R versus Python

May 11, 2015

Which one should you learn first?

Between the two superstar statistical languages, R and Python, which one should you choose to learn? In this post, we will give a few guidelines to help you to choose between the two or learn both!

R and Python logos

Python is an all-purpose scripting language before being a statistical language. You can do all types of tasks with Python including:

Recent developments like scikit-learn and pandas have made Python a perfectly good language for data analysis.

Pandas helps you preprocess your data. Scikit-learn provides a neat interface to a large variety of machine learning models (i.e., you can train different models using the same syntax).

Additionally, the documentation of scikit-learn is fantastic.

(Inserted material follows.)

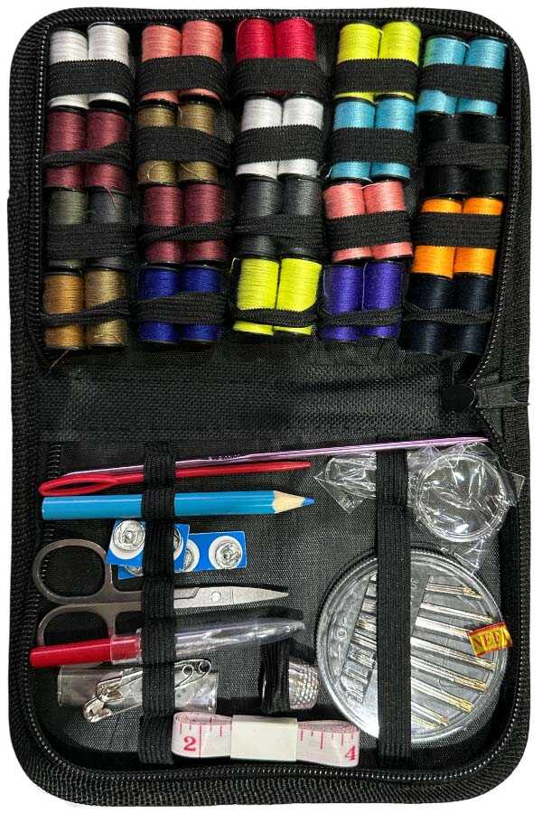 Dikiş seti; farklı renklerde ipler, iğneler, makas, mezura ve temel tamir aksesuarlarıyla pratik çözümler sunar. Kompakt ve fermuarlı çantası sayesinde evde, seyahatte her an elinizin altında.

The API is clearly described and there are also additional posts that are more machine learning courses than simple documentation.

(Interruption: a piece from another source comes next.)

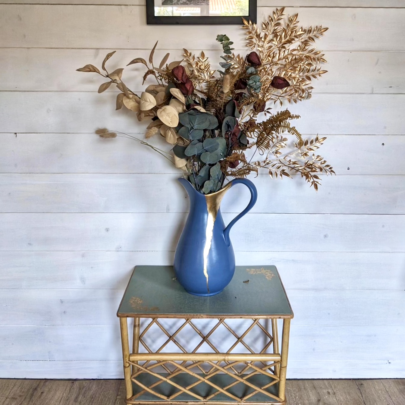 Ce porte-revue en rotin allie le charme du vintage à la douceur du vert sauge. Sa tablette peinte à la main ajoute une touche pratique et décorative, idéale pour une déco bohème et chaleureuse.

Other Python libraries like seaborn, ggplot (actually, a R package initially!) makes it easy to visualize your data. Since Python is an all-purpose language, it is handy to construct a complete pipeline from data preparation through prediction to website integration.

By contrast, R has been specifically designed for statistic and graphics. Tools for preprocessing, producing data graphs, and computing predictions are available in the base installation.

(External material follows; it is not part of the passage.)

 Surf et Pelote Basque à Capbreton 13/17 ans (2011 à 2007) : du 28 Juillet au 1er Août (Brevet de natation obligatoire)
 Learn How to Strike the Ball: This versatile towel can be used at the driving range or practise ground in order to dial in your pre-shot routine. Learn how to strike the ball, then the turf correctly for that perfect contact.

R’s strength resides in the plethora of packages devoted to specific statistical application developed by its large community (Currently, more than 6000 packages are available).

But there is one drawback to this advantage. On one hand, you have rich spectrum of models at your disposal, on the other hand each package has its own authors hence its own interface. Each time you want to use a new model you will have to study a new interface. However, the number of models in R is more comprehensive than in Python and it can be useful to have the two tools at your disposal when doing your analysis.

In a first approach, I would recommend learning Python (see our Getting started with Python post, bearing in mind that a R package could just implement that missing model you need so badly. In this perspective, note that the interactive notebook built-in within DSS (based on iPython notebook) gives you a great interface for working on these two languages. You can even call a R function from Python code!